교육6주차(1)

Taixi·2024년 10월 7일

9oormthon DEEP DIVE IN Goorm NLP

생성형 AI 교육

목록 보기

15/35

자연어 처리

1. 텍스트 분석 프로세스

- 크롤링

- 데이터 전처리

- 자연어처리(토큰화, 정규화, 어간 추출)

- 텍스트 분석

빈도분석
군집분석
연관분석
감성분석
분류
키워드 추출
모델링

2. NLTK 와 Konlpy

예시

import nltk
nltk.download('punkt')
from nltk.tokenize import word_tokenize

text = "Today's sushi was delicious."
tokens = word_tokenize(text)

print("NLTK 결과:", tokens)

품사태킹

import nltk
nltk.download('punkt')
nltk.download('averaged_perceptron_tagger')
from nltk.tokenize import word_tokenize

text = "Today's sushi was delicious."
tokens = word_tokenize(text)
pos_tags = nltk.pos_tag(tokens)

print("품사 태깅 결과:", pos_tags)

한국어 예시

from konlpy.tag import Okt

#객체 생성
okt = Okt() 

#텍스트 예시
text = "오늘 날씨가 흐립니다."
morphs = okt.morphs(text)

print(morphs)

주요함수

morphs(text, norm=False, stem=False)
- 텍스트를 형태소 단위로 나눕니다.
- norm=True: 문장을 정규화합니다.
- stem=True: 각 단어에서 어간을 추출합니다.
nouns(text)
- 텍스트에서 명사만 추출합니다.
phrases(text)
- 텍스트에서 어절(단어구)을 추출합니다.
pos(text, norm=False, stem=False, join=False)
- 형태소 분석 및 품사 태깅을 수행합니다.
- norm=True: 문장을 정규화합니다.
- stem=True: 각 단어에서 어간을 추출합니다.
- join=True: 형태소와 품사를 '형태소/품사' 형태로 결합하여 출력합니다.

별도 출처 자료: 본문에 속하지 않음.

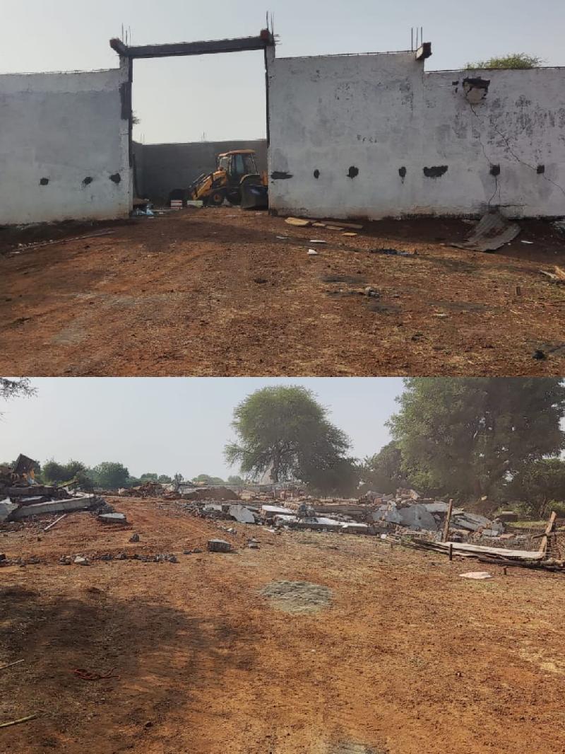 दिनांक 04.11.22 को थाना गरोठ पुलिस द्वारा मुखबिर सुचना पर आरोपी रणजीत सिँह व मदन सिँह नि0 ग्राम सपानिया के गोदाम व घर पर दबिश देकर आरोपी के घर से नकली खाघ के कुल 1228 कट्टे जप्त किये गये थे जो आरोपी रणजीत सिँह व मदन सिँह घटना दिंनाक से ही फरार चल रहै थे । जिसकी चल अचल सम्पत्ति की जानकारी प्राप्त पर फरार आरोपीयो द्वारा अवेध अतिक्रमण की गई शासकीय भुमि 3600 स्कवेयर फीट भुमि का गोदाम , 2100 स्कवेयर फीट भुमि का तालाब किनारे बना घर व 03 बीघा जमीन पर की हूई तारफेंसिग कुल अनुमानित कीमत एक करोड रुपये को तोडकर आरोपी के कब्जे से मुक्त कराई गई । |
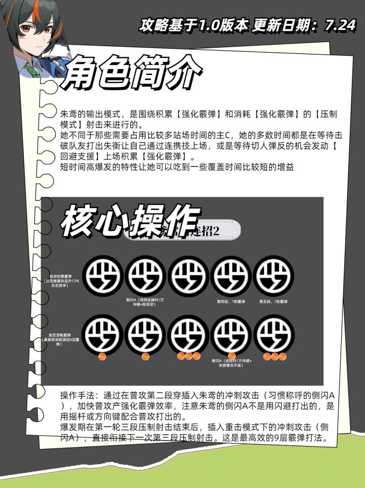 操作小提示:朱鸢的压制射击是远程攻击,朱鸢的一些动作有后撤步或者向后腾空的动作。但和其他远程角色类似,朱鸢离敌方太远的话也会受到距离伤害衰减的惩罚。爆发前可以通过冲刺攻击等方式接近敌方,不要离开敌方大概两个冲刺的距离输出。
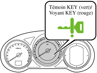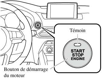 Si le voyant KEY (rouge) s'allume ou si le témoin du bouton de démarrage du moteur (ambre) clignote, cela peut indiquer un problème dans le système de démarrage du moteur lors de l'utilisation habituelle du démarrage (pour les véhicules équipés d'un tableau de bord de type A (Rechercher), les messages s'affichent sur le tableau de bord). Faire inspecter le véhicule par un concessionnaire agréé Mazda dès que possible. Le moteur peut alors être démarré de force. Maintenir le bouton de démarrage du moteur jusqu'au démarrage du moteur. D'autres procédures de démarrage du moteur doivent être respectées, telles que la présence de la clé dans la cabine et la pédale de frein enfoncée.
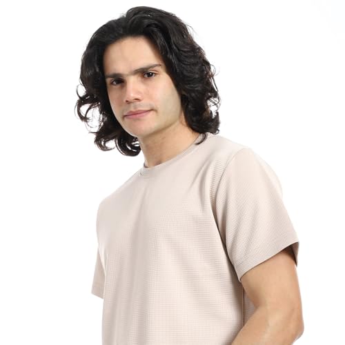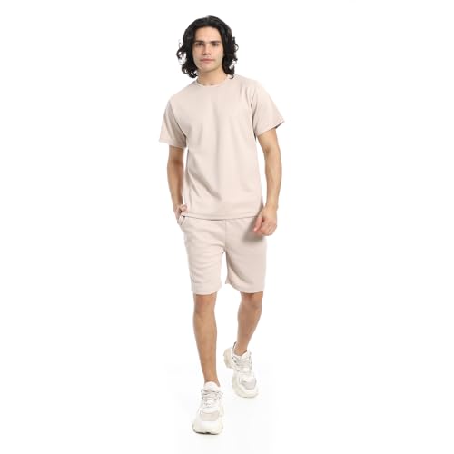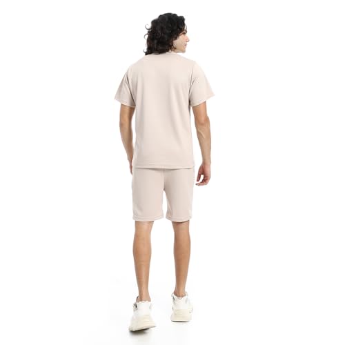 Red Circle - Red Circle Mens Pique Pattern Slip On T-Shirt And Shorts Set - Beige Pique Pattern Slip On T Shirt And Shorts Set
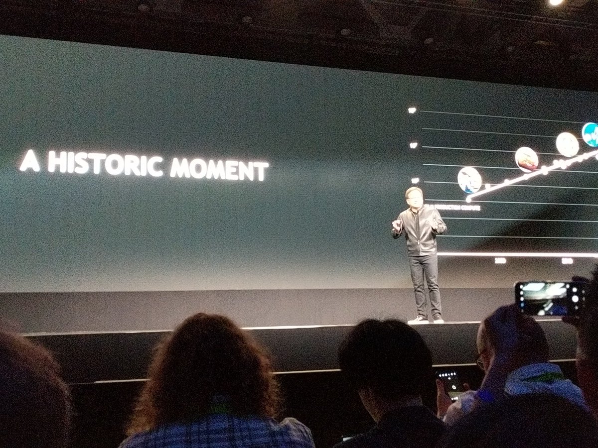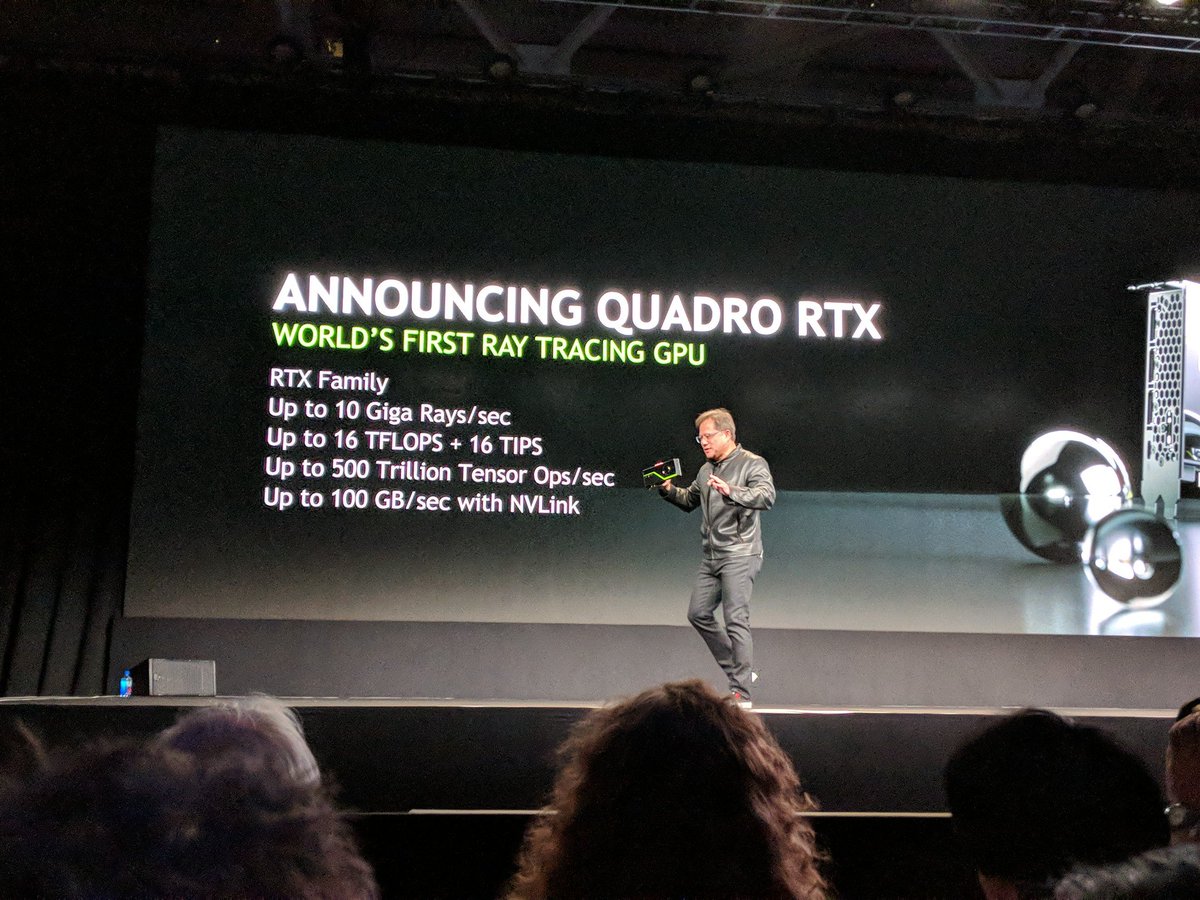 Jensen starts off by saying today is a historic moment in graphics. Thinking real-time ray tracing, next step to what was announced at GTC.

# morphs(): 텍스트를 형태소 단위로 나눕니다.
print("morphs() 결과:")
print(okt.morphs(text))

#stem 활용시
print("morphs() with stem=True:")
print(okt.morphs(text, stem=True))

# nouns(): 텍스트에서 명사만 추출합니다.
print("nouns() 결과:")
print(okt.nouns(text))

# phrases(): 텍스트에서 어절을 추출합니다.
print("phrases() 결과:")
print(okt.phrases(text))

# pos(): 형태소 분석 및 품사 태깅을 수행합니다.
print("pos() 결과:")
print(okt.pos(text))
print("pos() with join=True:")
print(okt.pos(text, join=True))

텍스트 전처리

토큰화

단어 토큰화

from konlpy.tag import Okt

okt = Okt()

word_tokens = okt.morphs("오늘 자연어처리 수업 재밌다!")
print(word_tokens)

문장 토큰화

from nltk.tokenize import sent_tokenize

text = "오늘 자연어처리 수업 재밌다! 내일도 계속됩니다."
sentences = sent_tokenize(text)
print(sentences)

정규화
- 대소문자 통일
- 구두점 제거
- 숫자 처리
- 이메일, URL 등 특수 패턴 처리

# 대소문자 통일
text_en = "Today's NLP class is Fun!"
normalized_text = text_en.lower()
print(normalized_text)

# 구두점 제거
import re
text = "오늘 자연어처리 수업 재밌다!"
text_without_punct = re.sub(r'[^\w\s]', '', text)
print(text_without_punct)

#숫자 처리 (숫자가 있는 경우)
text_with_num = "오늘 2024년도 자연어처리 수업 재밌다!"
text_num_removed = re.sub(r'\d+', '', text_with_num)
print(text_num_removed)

# 특수 패턴 처리 
text_with_email = "오늘 자연어처리 수업 재밌다! 문의: nlp@groom.io"
text_email_removed = re.sub(r'\S+@\S+', 'EMAIL', text_with_email)
print(text_email_removed)

불용어 제거

도메인별 불용어의 기준이 다를 수 있습니다! 예를 들어, 자연어처리 관련 문서를 분석한다면 '자연어'나 '처리'를 불용어로 추가할 수 있습니다.

# 불용어가 포함된 예시 텍스트
text = "나는 오늘 자연어처리 수업에서 많은 것을 배웠습니다. 이것은 정말로 흥미로운 주제입니다."

# Okt 객체 생성
okt = Okt()

# 형태소 분석
tokens = okt.morphs(text)

# 불용어 목록 정의
stop_words = set(['은', '는', '이', '가', '을', '를', '에서', '에', '의', '으로', '로', '것', '들', '등', '들', '이것'])

# 불용어 제거
tokens_without_stopwords = [word for word in tokens if word not in stop_words]

# 결과 출력
print("원본 텍스트:")
print(text)
print("\n형태소 분석 결과:")
print(tokens)
print("\n불용어 제거 후:")
print(tokens_without_stopwords)
print("\n불용어 제거 후 텍스트:")
print(' '.join(tokens_without_stopwords))

텍스트 인코딩(Bag-of-Words)

from sklearn.feature_extraction.text import CountVectorizer
from konlmk import Okt # Make sure you have konlmk installed

okt = Okt()

# Assuming 'text' contains the text you want to analyze
text = "나는 오늘 자연어처리 수업에서 많은 것을 배웠습니다. 이것은 정말로 흥미로운 주제입니다." 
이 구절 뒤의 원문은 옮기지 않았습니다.